Resistance 101: A Lesson on Social Justice Activists and Strategies

This introductory lesson by Teaching for Change allows students to “meet” people from throughout U.S. history who have resisted injustice and to learn from the range of strategies they have used.

It is important to note, and to point out to students, that this list represents just a small sample of the people, time periods, struggles, and strategies we could have included. It is our hope that students not only choose to learn more about the people featured in this lesson, but that they also research and create more bios. In fact, students could create a similar lesson with activists in their community, youth activists, environmental activists, or other groups of activists.

High school students in Washington, D.C. participated in the Resistance 101 lesson during the Black Lives Matter at School Week of Action.

 
My students learned that you do not have to be famous or powerful to do your part to help change injustices in your communities. Some students even started planning their own resistance efforts as a result.
— Michelle Epperson, middle school social studies teacher, Coburg, Oregon
 

The lesson is based on the format of a Rethinking Schools lesson called Unsung Heroes and draws from lessons by Teaching for Change on women’s history and the Civil Rights Movement, including Selma.

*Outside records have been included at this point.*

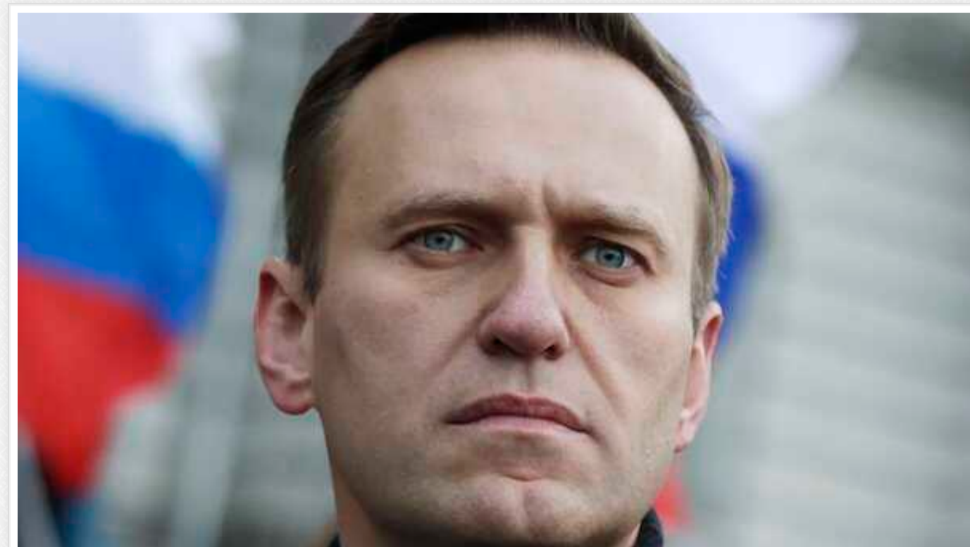
Bild: Незадовго до смерті Навального обговорювався його обмін

У російського опозиціонера Олексія Навального, який загинув у виправній колонії 16 лютого, нібито був шанс стати учасником обміну між РФ і ФРН. Його могли обміняти на Вадима Красікова – кремлівського агента, засудженого в Німеччині до довічного ув'язнення за вбивство колишнього чеченського польового командира Зелімана Хангошвілі.
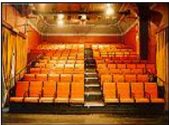
Αίθουσα ΔΗ.ΠΕ.ΘΕ. Κομοτηνής

Φορέα τέχνης και πολιτισμού αποτελεί το Δημοτικό Περιφερειακό Θέατρο Κομοτηνής που ιδρύθηκε το 1984. Μέχρι σήμερα έχει παρουσιάσει πολλά έργα ποιότητας, Ελλήνων και ξένων συγγραφέων, και δικαίως θεωρείται ένα από τα σημαντικότερα επαρχιακά θέατρα. Παραστάσεις δίνονται όλο το χρόνο, είτε στο χειμερινό χώρο, είτε στο Υπαίθριο Δημοτικό Θέατρο, χωρητικότητας 900 περίπου θέσεων, που βρίσκεται δίπλα στο Αρχαιολογικό Μουσείο. Στις ιστοσελίδες του ΔΗ.ΠΕ.ΘΕ βρίσκετε πλήθος πληροφοριών σχετικά με την ιστορία του Θεάτρου, τις παραστάσεις που δίνονται, εκτενείς αναφορές σε θεατρικά θέματα και πολλά άλλα.
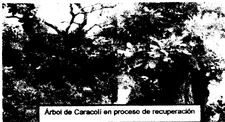
Árbol de Caracolí en proceso de recuperación
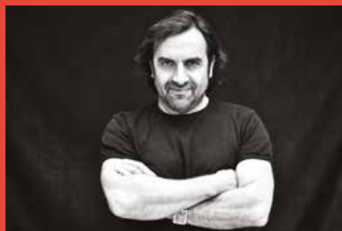
André Manoukian en concert le 30 septembre au Théâtre ; duel et duo avec Jean-François Zygel
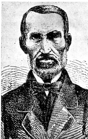
SIMEON BĂRNUȚIU 1808—1864

Adjuncții directorului, doi sau trei, cari eară ar fi montaniști ardeleni, ar avea fiecare 12.000 lei pe an; viaticul încă s'ar da
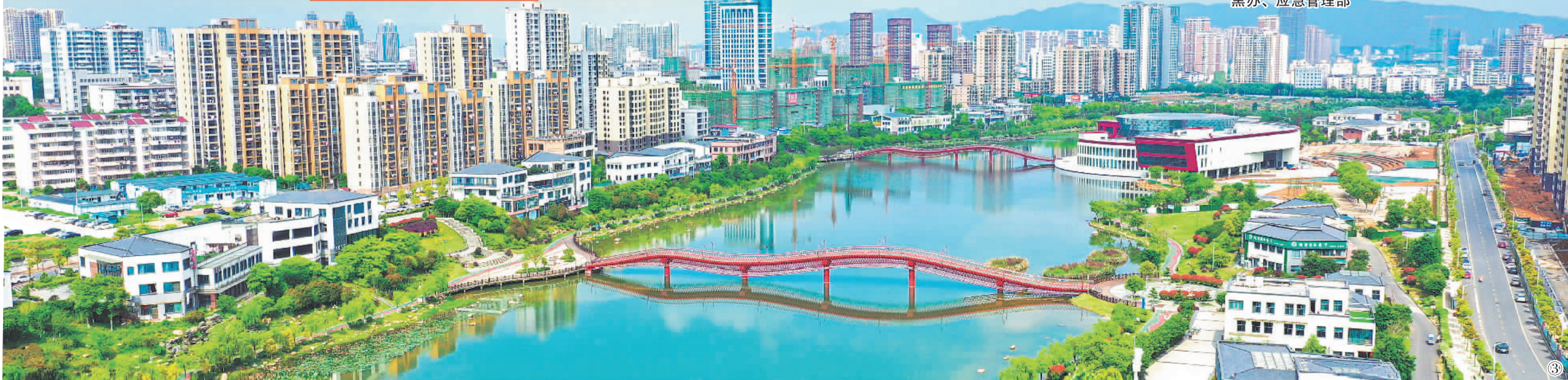
图③：江西省吉安市吉州区古后河绿廊竹山里段风光。
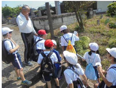
←千手観音についての話を聞く (中村良一氏解説)
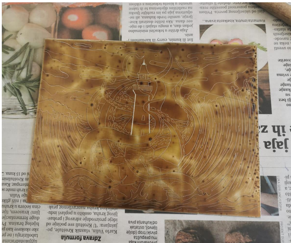
Slika 24. Proces podebljavanja linija

U ovom konkretnom slučaju, prvo su izvedene sve linije jednom debljinom, i zatim su se dodatno podebljavale linije na dijelovima koji su bliži i istaknutiji. U sva tri rada oblaci u pozadini su napravljeni tankim potezima, kako ne bi bili u prvom planu i kako bi prikaz dobio osjećaj prostornosti.
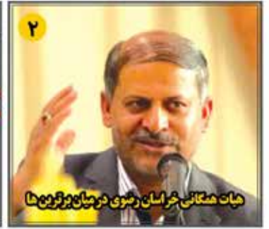
هیات همگانی خراسان رضوی در میان ورزشی ها
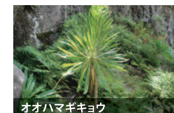
オオハマギキョウ

もともと草である植物が、海洋島という特殊な環境の中で、木へと進化することがあります。小笠原諸島では、キキョウの仲間であるオオハマギキョウ、キクの仲間であるワダンノキ、ヘラナレン、ユズリハワダンが草から木へと進化しました。
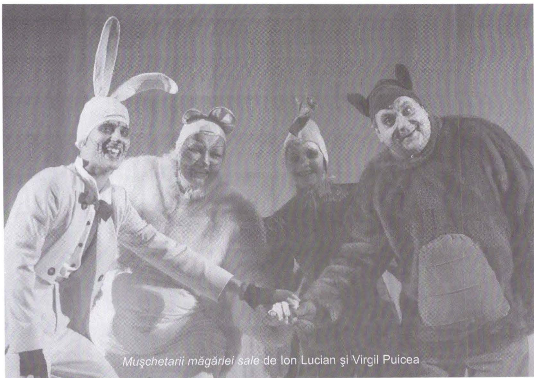
Mușchetarii măgăriei sale de Ion Lucian și Virgil Puicea
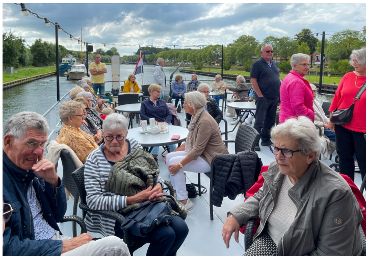
Op onze website www.seniorenverenigingmaarde.nl vindt u nog enkele foto's van deze mooie tocht.
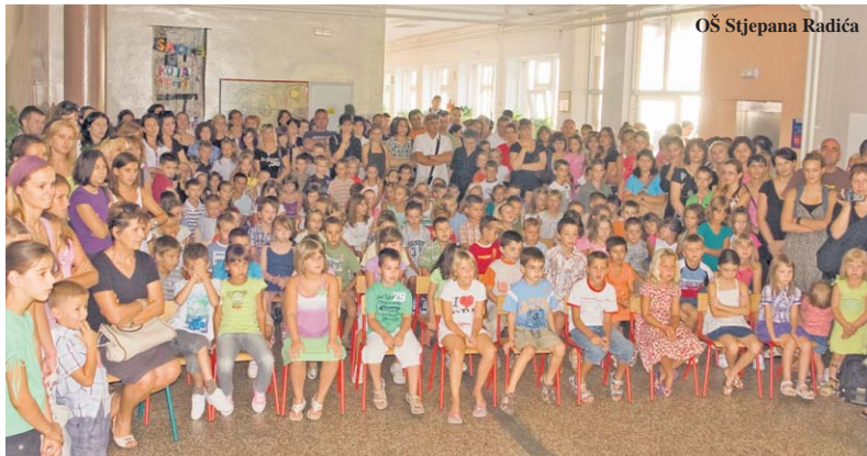
OŠ Stjepana Radića

Mi smo posjetili obje škole i načinili dvije fotografije prvaša.
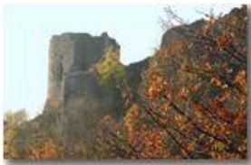
Castello Fieschi: particolare

Pietro Marcheselli - Canon EOS 300D 2007 - Inverno - Savignone - Boschi
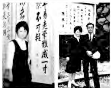
筆者の厚高時代の思い出の写真

さて今はというと、学校林を朝に夕に仰ぎ見、春の芽吹き、特に秋は朝日を浴びてキラキラ光る照葉に眺めせし間の今日この頃です。
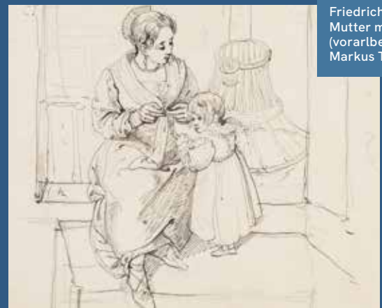
Friedrich Mosbrugger: Mutter mit Kind.
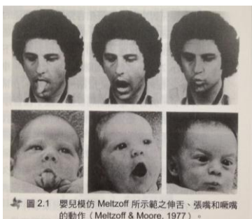
圖 2.1 嬰兒模仿 Meltzoff 所示範之伸舌、張嘴和噘嘴的動作 (Meltzoff & Moore, 1977)。

第六階段， 洞察 (insight) 階段：在【 基模內化歷程 (internalization of schemes) 】 中，孩子以能預期特定動作的結果，因而預先執行一系列的動作以達成目標，而 不需要嘗試錯誤 的探索，如：穩定地完成插棍作業、將一堆積木放入杯中。
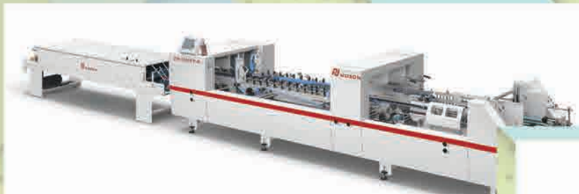
Mesin Pembuat box Makan/ Luch Box Machine
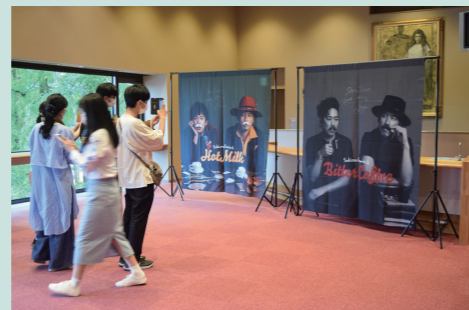
スキマスイッチ 会場の様子
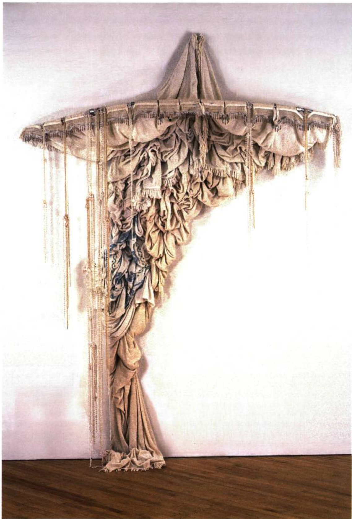
Elana Herzog, Untitled # 6 , 1997.

pièce Orb est un inextricable entremêlement de structures brodées dont sortent ou entrent trois ou quatre voies (respiration, circulation, échanges divers ?). Une quelconque sphère en orbite, partance ou arrivée ? Édifrice représente un immeuble dont le bas est en partie manquant ou masqué. On aperçoit dans la structure complexe de son architecture des coutures qui surfilent ou ont surfilé l'ensemble comme si la construction était inachevée, en voie de disparition ou d'émergence. Là, la base disparaît et s'il ne s'agit
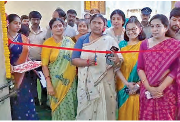
జావెనెల్ హోమల్ డ్రగ్స్ డిఆడిక్షన్ సెంటర్ను ప్రారంభిస్తున్న మహిళా శిశు సంక్షేమ శాఖ మంత్రి సీతక్క
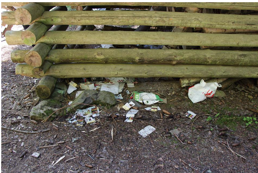
Kuva 7 Puuvajan ympäristön roskaisuus.

Roskankeräyksen puuttuessa on tärkeää muistuttaa retkeilijän vastuusta kuljettaa roskat pois alueelta sekä lähtöpisteessä, kuin taukopaikallakin. Jätehuollon järjestämistä olisi myös hyvä harkita. Alueelle on helppo päästä, joten alueella liikkuu monenmoista retkeilijää. Nuotiopaikan roskaisuudesta päätellen useampikin kävijä on roskansa jättänyt puuliiteriin, josta tuuli ja eläimet pääsevät niitä kuljettamaan pitkin metsää.

Participants become aware of how many more activists there are than the few heroes highlighted in textbooks, children’s books, and the media. However, the lesson provides only a brief introduction to the lives of the people profiled. In order to facilitate learning more, we limited our list to people whose work has been documented well enough that students can find more in books and/or online.


Grade Level: 7th grade+
Time Required: One class period


Materials and Preparation

Handout 1: Biographies

Each student or workshop participant and the instructor should receive one bio each. There are more bios than you are likely to need. Please refer to the teacher guide interview sheets when creating your shorter list and ensure that there is at least one bio for each of the questions.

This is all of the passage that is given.